55P. SPIRITO, Trieste a stelle e striscie, Mgs press, Trieste, pp. 30- 37 56M. CATTARUZZA, l’Italia e il confine orientale, Il mulino, Bologna, pp. 314

perché temeva una modifica degli equilibri a proprio sfavore. Anche se la spartizione ventilata nella nota fu discussa e proposta da Tito con il ministro degli esteri britannico Eden nella primavera del 1953. Gravi tumulti e spostamenti di mezzi lungo il confine si registrarono in quei giorni. A Trieste la tensione alimentata da “intelligence” italiane, scaturì in scontri e disordini contro le forze Alleate. Detonatore delle violenze fu l’ammaino della bandiera dal municipio da parte della polizia alleata. Si registrarono sei morti. Disordini si registrarono anche in Jugoslavia contro Consolati e centri culturali italiani, inglesi e americani. Le dichiarazioni di Tito avevano mosso gli animi. Intanto venivano ammassate truppe jugoslave nella Zona B per esercitare pressione per il ritiro dell’esecuzione della nota bipartita. La reazione Jugoslava dimostrava quanto era forte il potere negoziale jugoslavo. L’ambasciatore jugoslavo Valebit tentò di ottenere ulteriori vantaggi in Zona A in cambio sulla rinuncia di Trieste, riproponendo il progetto di un corridoio sloveno; però questa soluzione tagliava fuori la città dal territorio italiano, con cessioni di sobborghi sloveni e istituzione di una zona franca. Queste proposte formulate nelle trattative nella primavera/estate 1953, finirono in nulla di fatto per il gioco al rialzo praticato dagli jugoslavi. L’Italia invece si trincerò in una rivendicazione di tutto il Tlt, e nelle trattative di aprile/maggio 1953 si dimostrò intransigente. Questa intransigenza si palesò nel rifiuto della proposta americana del febbraio del 1953 fatta dal Segretario di stato Dulles a De Gasperi sull’annessione della Zona A ma anche di alcune città costiere della Zona B. L’indecisione diplomatica deteriorò la situazione negoziale di quei mesi. L’ambasciatore Valebit rivendicava in cambio di piccoli cambiamenti territoriali sulla costa della Zona B (la creazione di un polo industriale, commerciale opposto a Trieste).

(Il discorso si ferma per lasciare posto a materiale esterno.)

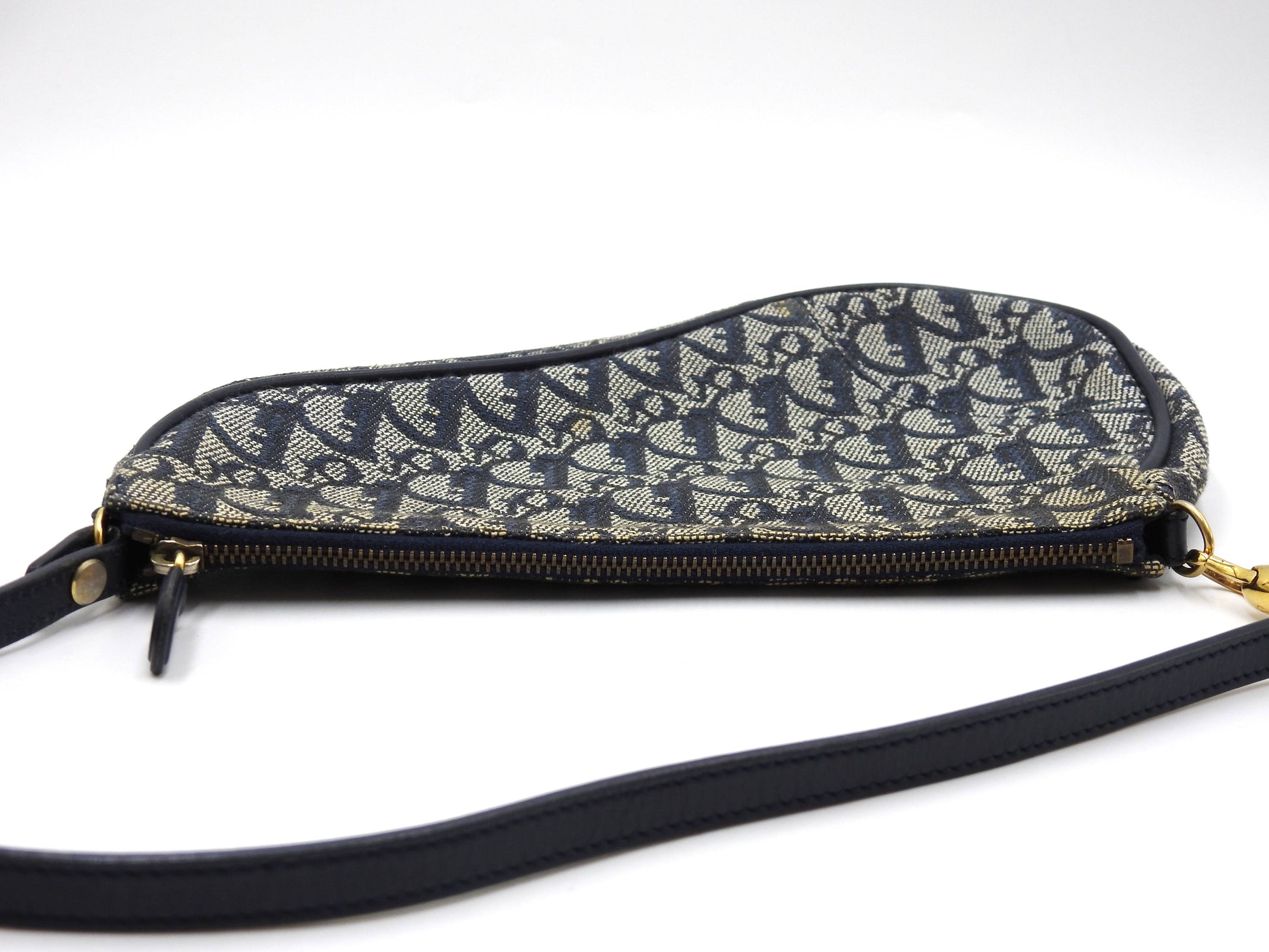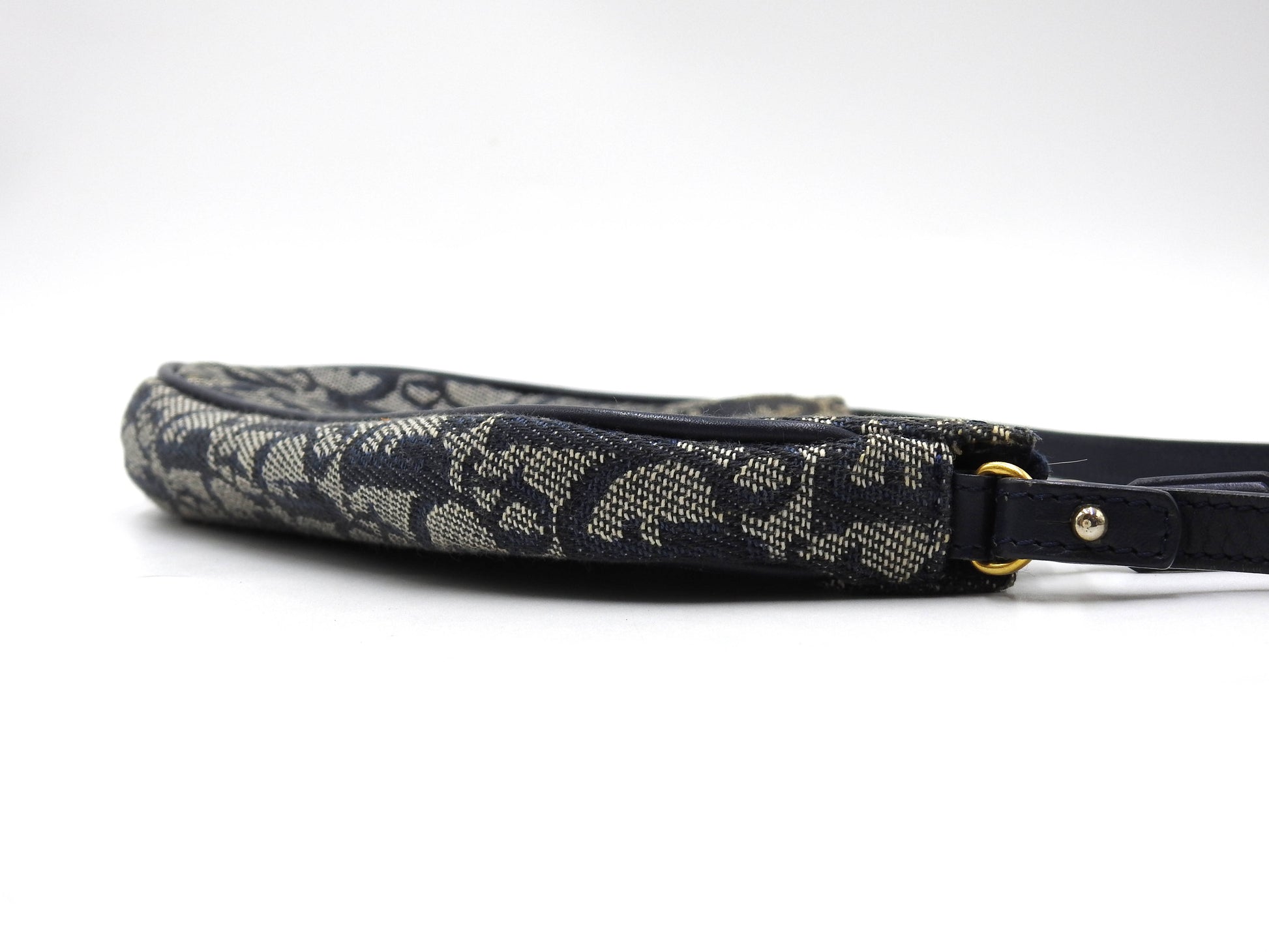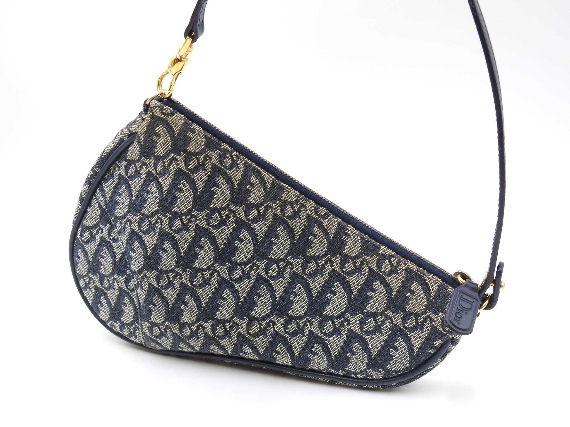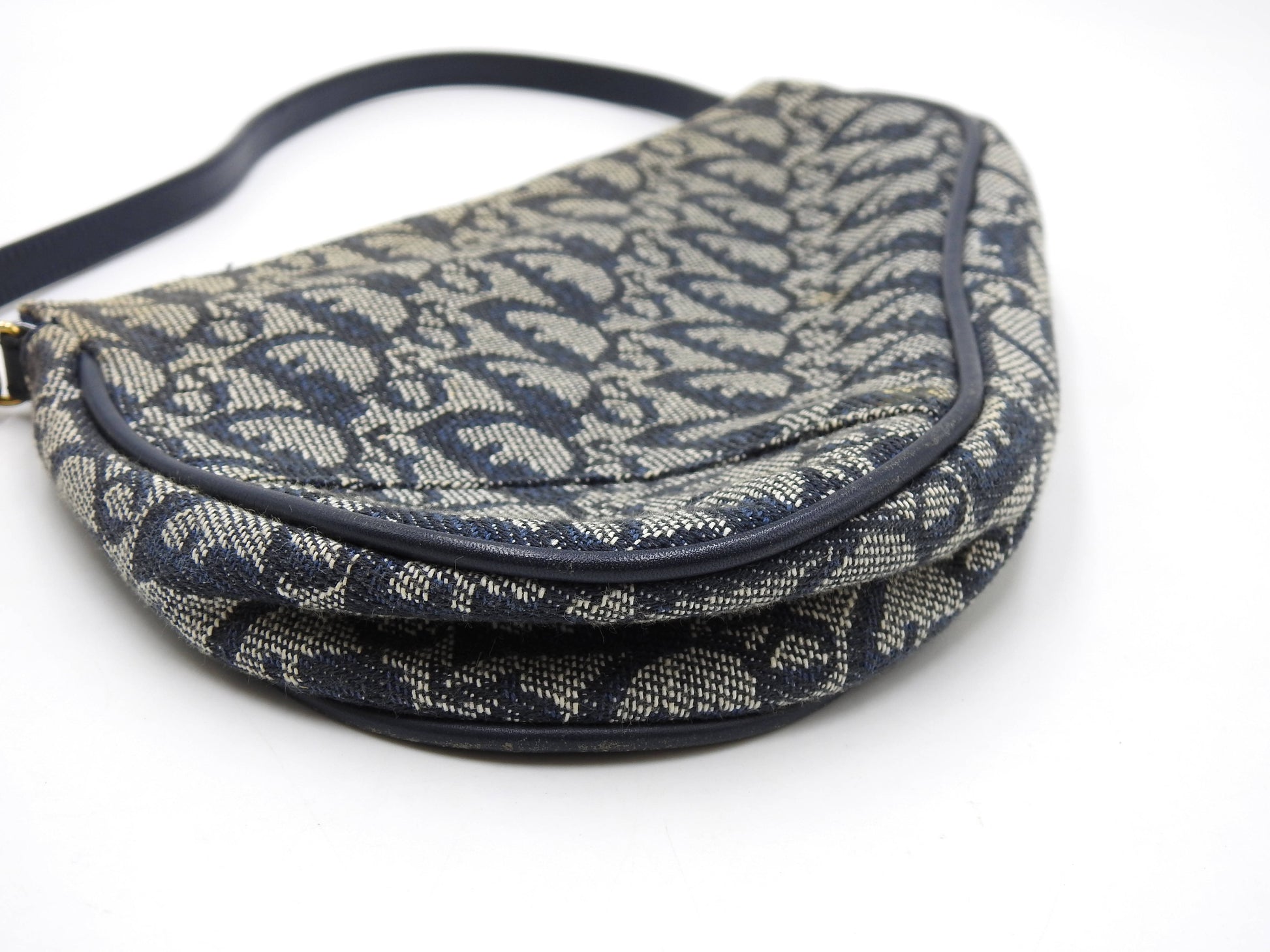 Christian Dior Trotter Saddle Pouch Shoulder Hand Bag Canvas Leather Navy

Nel corso delle trattative tra il 1952 e il 1953 gli jugoslavi formularono troppe dichiarazioni di ammissione dell’italianità di diverse città della Zona B e di disinteresse per esse. E’ probabile che l’obiettivo jugoslavo fosse quello di interrompere la continuità territoriale tra Trieste e lo stato italiano, di creare difficoltà con le cittadine costiere istriane trasformate in tante enclave dove la sovranità italiana era puramente nominale. Tra giugno e agosto del 1954 le trattative arrivarono alla conclusione, e qualcosa trapelò nella stampa italiana sui negoziati. Secondo quanto riportato in diversi articoli, gli jugoslavi rivendicarono la possibilità di costruire a Capodistria in Zona B un porto internazionale in concorrenza con Trieste, e richiedevano una striscia di territorio nella penisola di Muggia per lo sviluppo del porto. Probabilmente erano mosse tattiche, volte a garantirsi quote di aiuti economici americani e contropartite per Trieste. Nel 1952 nella Zona A alcune competenze (fra cui il Direttorato delle finanze e dell'economia), vennero affidate a dirigenti nominati direttamente dal Governo italiano. Il 5 e 6 novembre 1953 vi furono a Trieste violenti scontri di piazza da parte di coloro che reclamavano la riunificazione della città all'Italia. Nella rivolta di Trieste finirono uccisi sei cittadini, cui è stata successivamente conferita un'onorificenza dal governo italiano. Comunque la vita del Tlt e delle diverse trattative si concretizzò il 5 ottobre con la stipula del Memorandum di Londra, dove si arrivò alla suddivisione delle due Zone che lo componevano.